EXERCISE DETAILS>
The records that follow are to be repeated exactly, with the pictures removed.

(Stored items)
----------------------------------------
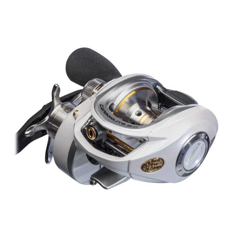 Welcome to the next level in carbon-rich baitcaster performance. Johnny Morris CarbonLite 2.0 Baitcasting Reel is stronger, smoother and significantly faster as in, up to 8.3:1 fast than its predecessor. The rigid one-piece aluminum frame connects super-strong carbon-fiber side covers, a flex-inhibiting combination that keeps the internals in alignment no matter how heavy the load. The double-anodized, machined-aluminum spool is V-grooved and ported with a friction-eliminating titanium nitride-coated line guide in place to ensure perfect line flow. The aluminum crankshaft and brass main gear complement a planetary drivetrain that delivers silky-smooth operation, aided by a premium 10-bearing system that includes double-shielded stainless steel ball bearings and Powerlock instant anti-reverse. Our time-tested Dual Braking System combines both centrifugal and magnetic braking for truly outstanding performance on every cast. The powerful six-disc carbon-fiber drag will slow the hardest-fighting bass. Smooth-turning carbon fiber recurve handle enhances your comfort with premium EVA grips. Color: aluminum.
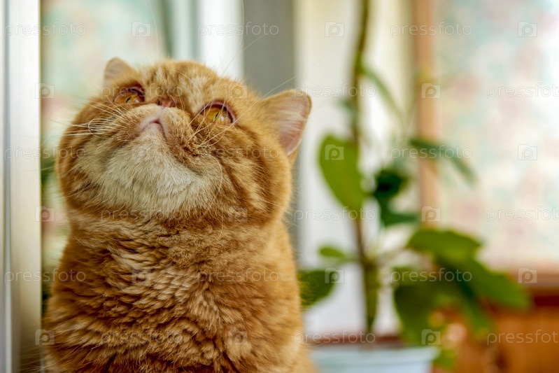 Оранжевая экзотическая короткошерстная взрослая кошка сидит на балконе. Домашняя кошка смотрит из окна на улицу
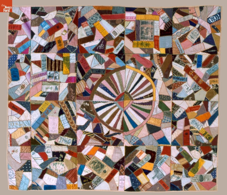 Note(s): Each individual fabric piece and each block are outlined in embroidery of a variety of feather stitches in many colors
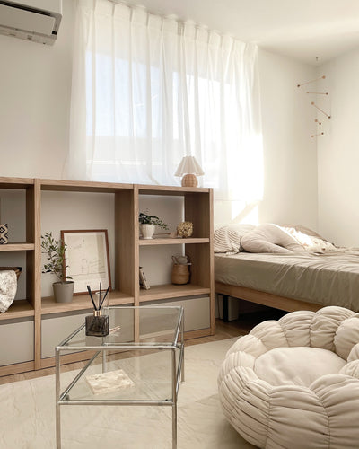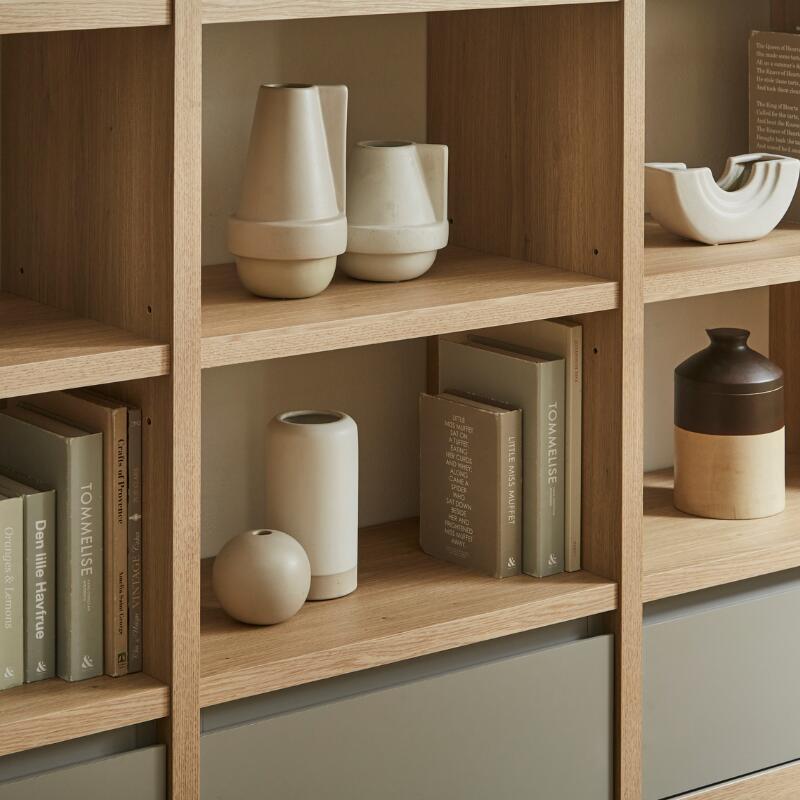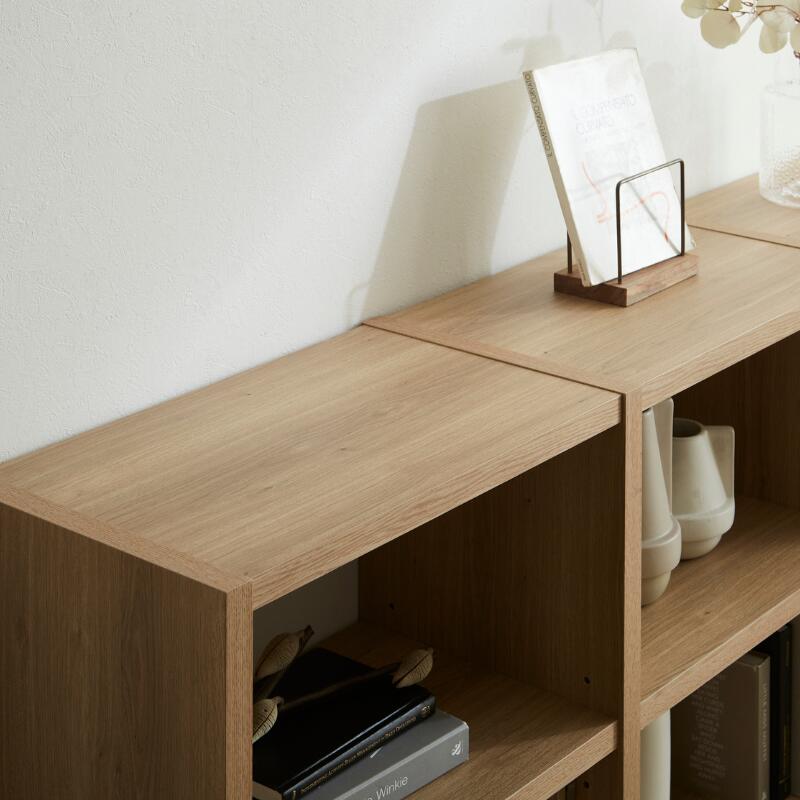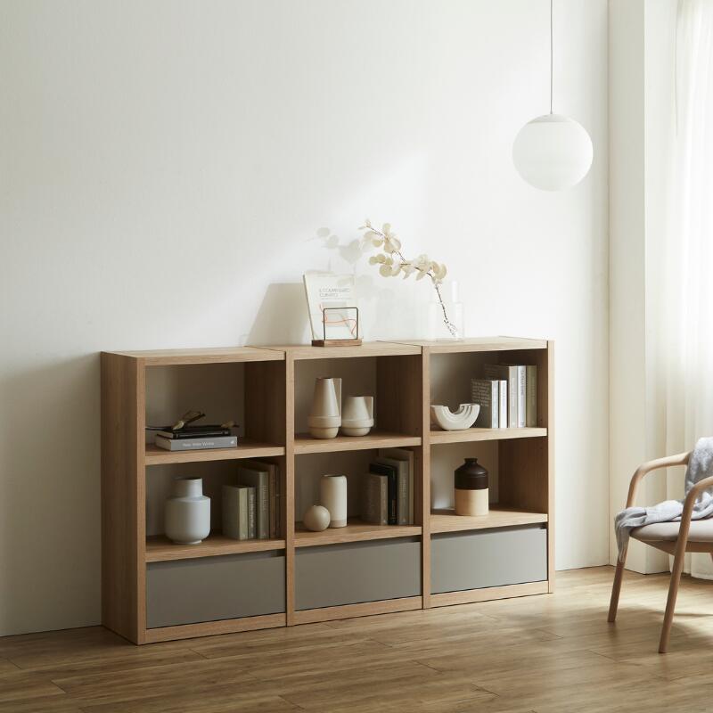 硬度が高く耐熱性や耐水性を兼ね備えたメラミン素材を使用したシェルフです。傷に強く焦げにくいのでキッチンでも使用できます。収納ができる引き出しもついているので見せるものと見せないものを分けて収納できます。
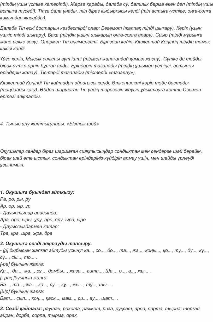 орындау кажет. Ол үшін біз, Р дыбысының артикуляциясын есімізге
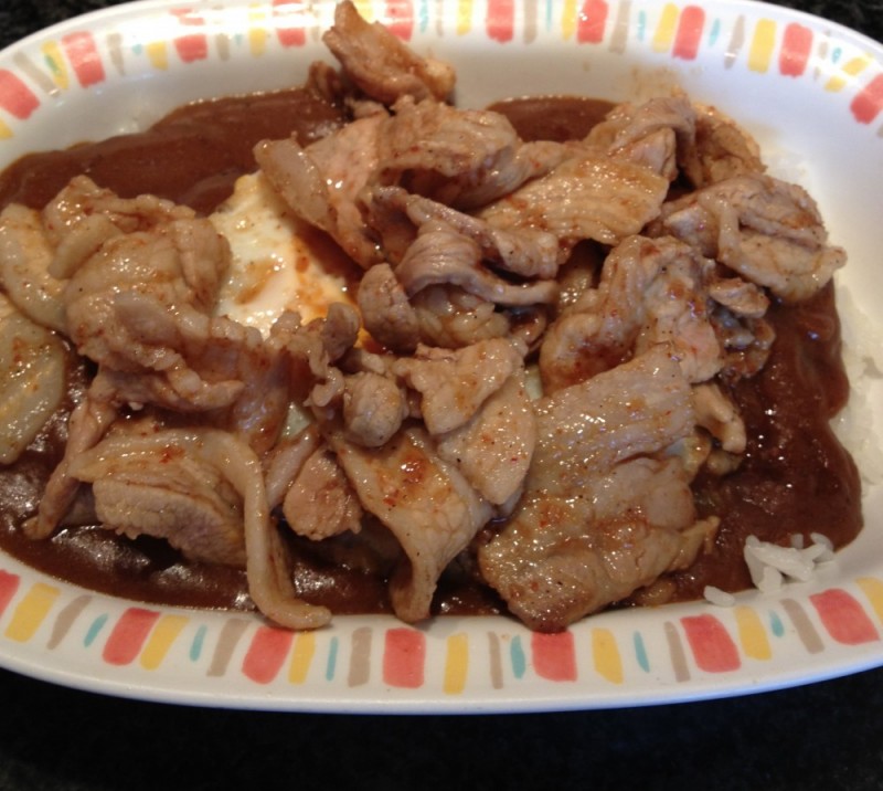 “バーグ” カレーの上に生姜焼きと卵が乗ってます。 卵は 生 or 焼き か選べますので、お好みで。 かなりボリュームがあるので、 お腹がペコペコの時に行ってみて下さい。
----------------------------------------
FINAL ANSWER>
 Welcome to the next level in carbon-rich baitcaster performance. Johnny Morris CarbonLite 2.0 Baitcasting Reel is stronger, smoother and significantly faster as in, up to 8.3:1 fast than its predecessor. The rigid one-piece aluminum frame connects super-strong carbon-fiber side covers, a flex-inhibiting combination that keeps the internals in alignment no matter how heavy the load. The double-anodized, machined-aluminum spool is V-grooved and ported with a friction-eliminating titanium nitride-coated line guide in place to ensure perfect line flow. The aluminum crankshaft and brass main gear complement a planetary drivetrain that delivers silky-smooth operation, aided by a premium 10-bearing system that includes double-shielded stainless steel ball bearings and Powerlock instant anti-reverse. Our time-tested Dual Braking System combines both centrifugal and magnetic braking for truly outstanding performance on every cast. The powerful six-disc carbon-fiber drag will slow the hardest-fighting bass. Smooth-turning carbon fiber recurve handle enhances your comfort with premium EVA grips. Color: aluminum.
 Оранжевая экзотическая короткошерстная взрослая кошка сидит на балконе. Домашняя кошка смотрит из окна на улицу
 Note(s): Each individual fabric piece and each block are outlined in embroidery of a variety of feather stitches in many colors
 硬度が高く耐熱性や耐水性を兼ね備えたメラミン素材を使用したシェルフです。傷に強く焦げにくいのでキッチンでも使用できます。収納ができる引き出しもついているので見せるものと見せないものを分けて収納できます。
 орындау кажет. Ол үшін біз, Р дыбысының артикуляциясын есімізге
 “バーグ” カレーの上に生姜焼きと卵が乗ってます。 卵は 生 or 焼き か選べますので、お好みで。 かなりボリュームがあるので、 お腹がペコペコの時に行ってみて下さい。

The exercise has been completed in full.